Some internet users also use AI image generators to illustrate Hong Kong's fall from a financial powerhouse to a “relic.” Below is one example created by X (formerly Twitter) user @abeleung:
— 鴨髀Aäpbei (@abeleung) November 20, 2023
The background of the above AI-generated image is a spoof on the Hong Kong government’s “Night Vibes campaign,” which aimed to boost tourism and consumption by turning the Victoria Harbor waterfront into a night market for street food and souvenirs.
The Hong Kong government is disgruntled by the label. Financial services chief Christopher Hui argued on December 1 on his blog that Hong Kong’s stock performance has had a slight recovery of 15 percent since the COVID-19 shutdown last year.
Global Times, China's state-owned media outlet, also stepped in to defend Hong Kong’s status:
Claims that hype Hong Kong’s image as “a ruin of global financial center” do not stand up to scrutiny. Despite some inhibitions in stock transactions and IPO short-term financing, the Special Administrative Region’s financial market has a solid foundation and is of great… pic.twitter.com/YYHvAXJN3t
— Global Times (@globaltimesnews) December 1, 2023
To stop the online mockeries, pro-establishment lawmaker Jimmy Ng suggested the government communicate with mainland Chinese social media platforms to block and censor posts that depict negative images of Hong Kong.
However, there is more bad news coming. On December 7, the international credit rating agency Moody's downgraded Hong Kong’s credit from stable to negative, pointing to the enactment of the National Security Law (NSL) in July 2020 and the overhauling of electoral rules for continuous erosion of the city's autonomy.
The city’s Chief Secretary, Eric Chan, rebuked the international credit agency’s rating as a “smear,” insisting that Hong Kong is better off with the NSL and its close ties with China. Moody's also downgraded China’s rating from stable to negative due to the country’s ongoing debt and property crisis.
Chief Sectary Eric Chan went on radio this morning to denounce Moody's downgrade:
• foreign ratings agencies smear HK
• NSL and improved electoral system prevents “Western thieves”
• 180k talent visa applications shows HK still an attractive market https://t.co/yMCKIfHyjw
— Aaron Busch (@tripperhead) December 7, 2023
After the lifting of pandemic restrictions in early 2023, the Hong Kong government expected a strong recovery for the city’s economy. However, the growth has been slow.
Professional talent has left the city en masse, the birth rate is at a record low, the government is caught between homeowners’ and potential homebuyers’ conflicting expectations in housing policies, and its fiscal deficit is currently at a record high.
The business sector started speaking out that the “Relic prophecy” might come true. In October, Frederick Ma, former secretary for financial services and the treasury, said the current economic crisis was worse than what had happened in 2003 when the city was hit by the SARS pandemic alongside the burst of property and Dot Com bubbles.
More recently, Shih Wing-ching, a most vocal voice of the city's property agencies, said if Hong Kong is unable to attract Western capital back to the city, the market would be ruined.
Some also said that the city's authorities are putting too much emphasis on national security and hence driving foreign capital away.
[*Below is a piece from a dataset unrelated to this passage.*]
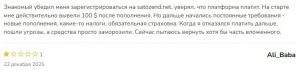 При изучении репутации брокера стало известно, что отзывы о площадке Satozend сплошь отрицательные. Клиенты в один голос заявляют, что брокер обманывает клиентов с выводом денег. Один из пострадавших написал, что внес довольно крупный депозит. Но в дальнейшем он не смог вывести не только прибыль, но и вложенные средства.
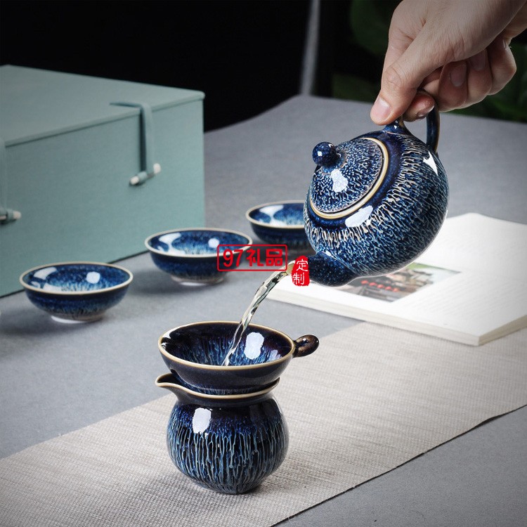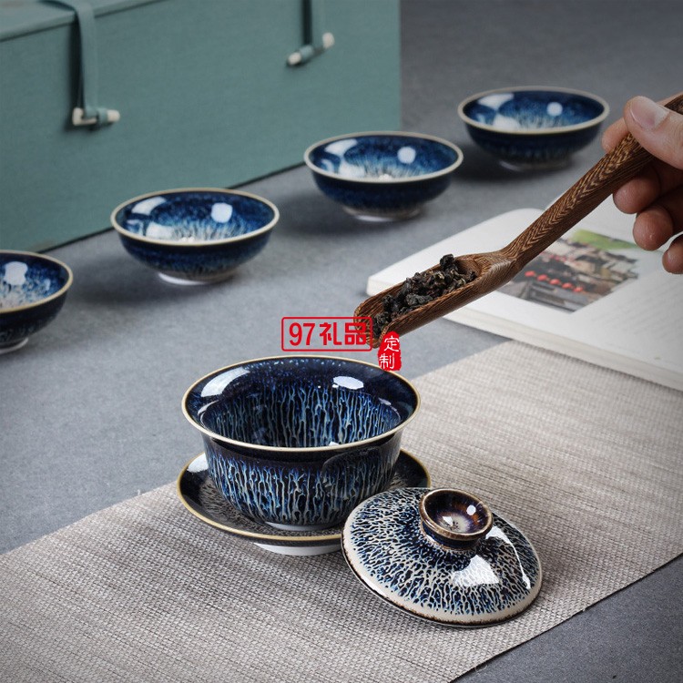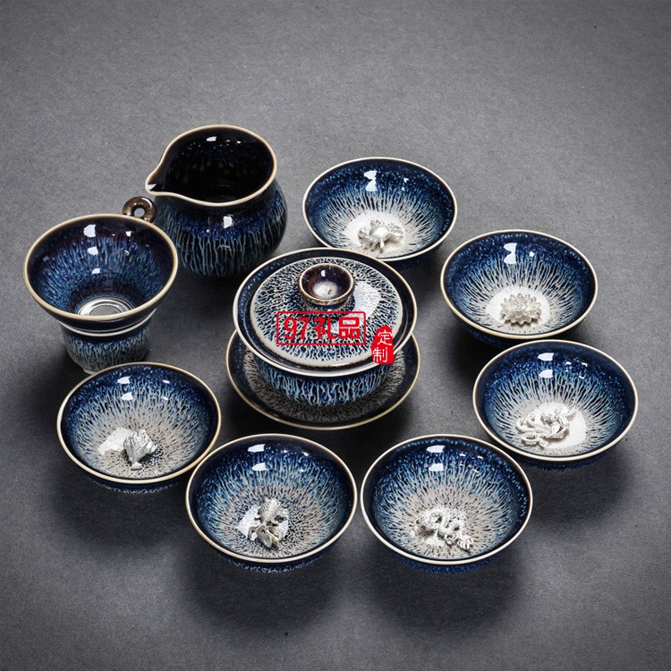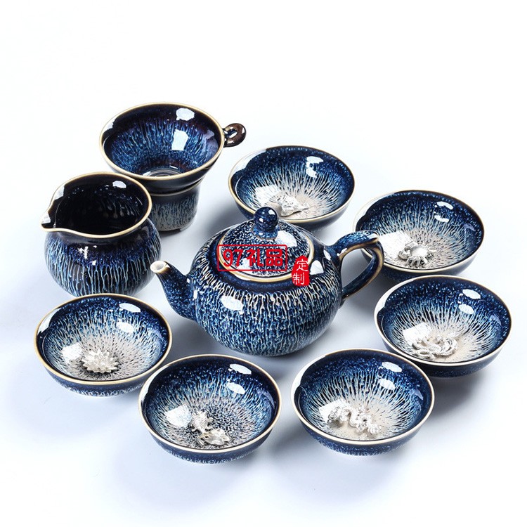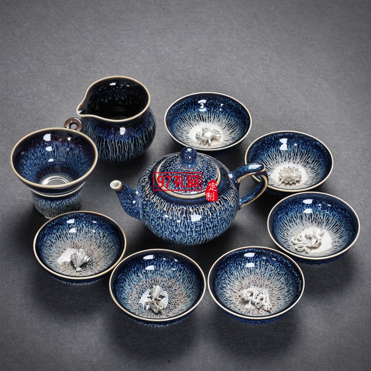 景德鎮(zhèn)鑲銀茶具辦公陶瓷家用套裝整套功夫茶具茶壺高檔商務(wù)禮品定制

But instead of acknowledging this, Chief Executive John Lee insisted that “external forces are still intervening in Hong Kong.”
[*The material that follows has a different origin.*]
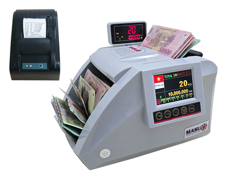 máy đếm tiền MASU 888 Plus + máy in hóa đơn
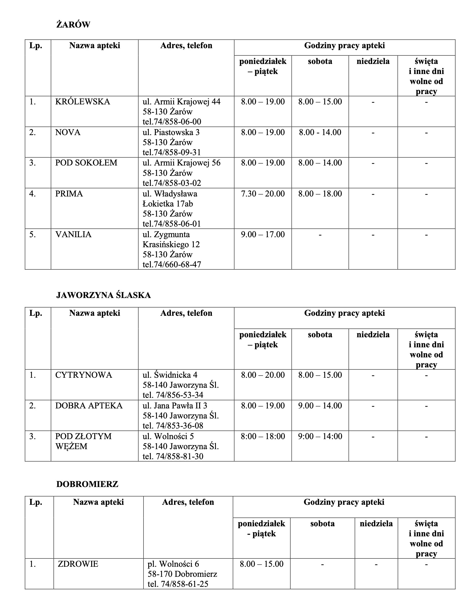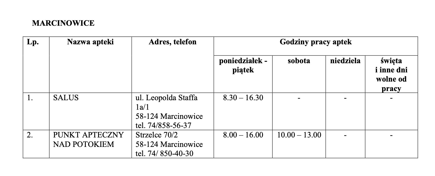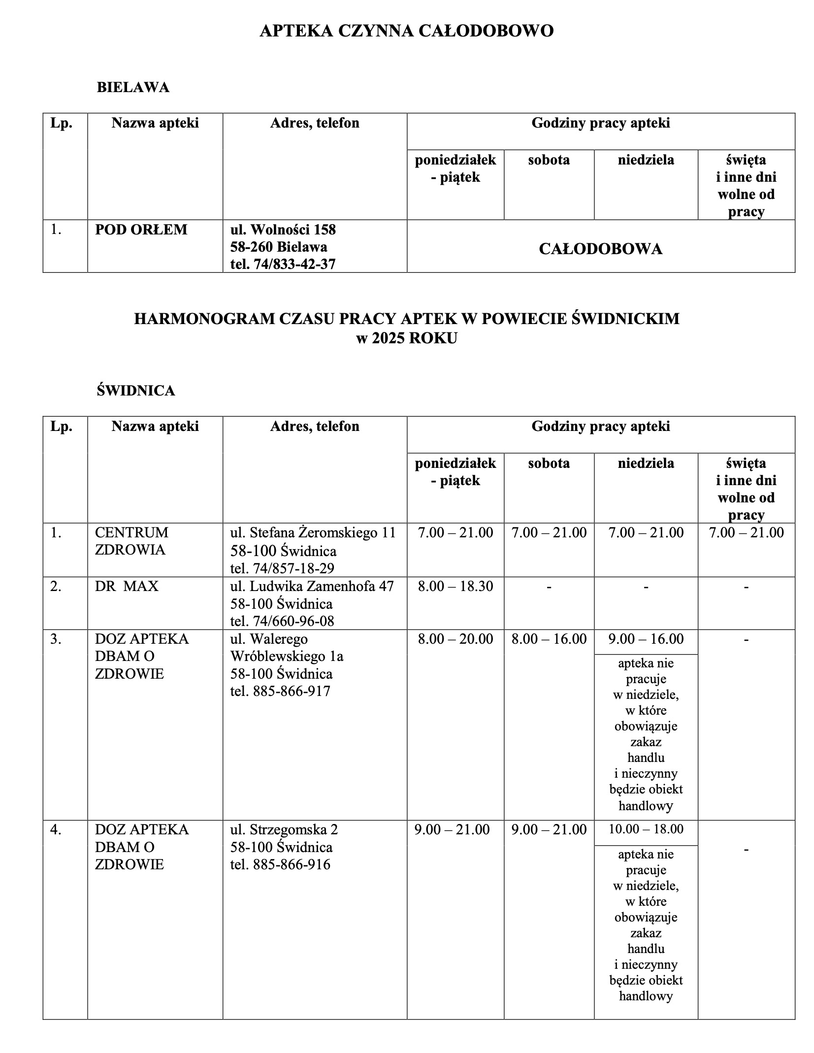 Od 1 stycznia 2024 roku apteki z terenu powiatu świdnicki nie prowadzą dyżurów nocnych. Oto udostępniony przez Starostwo Powiatowe harmonogram pracy aptek (aktualizowany ostatnio w dniu 11 lipca 2025 roku):

In response to the city's economic downturn, he flagged public debate around the city's social and economic policies as “soft resistance,” a term which is used to describe any act that defies the authorities:
CE John Lee says claiming the Hong Kong government is overly focused on national security is “soft resistance.” Criticising economic and housing policies is also “soft resistance,” he says. https://t.co/02m756vBrq
— Timothy McLaughlin (@TMclaughlin3) December 6, 2023
The Hong Kong government is set to enact the city’s own set of national security laws in addition to Beijing's imposed 2020 NSL to crack down on “soft resistance” in 2024.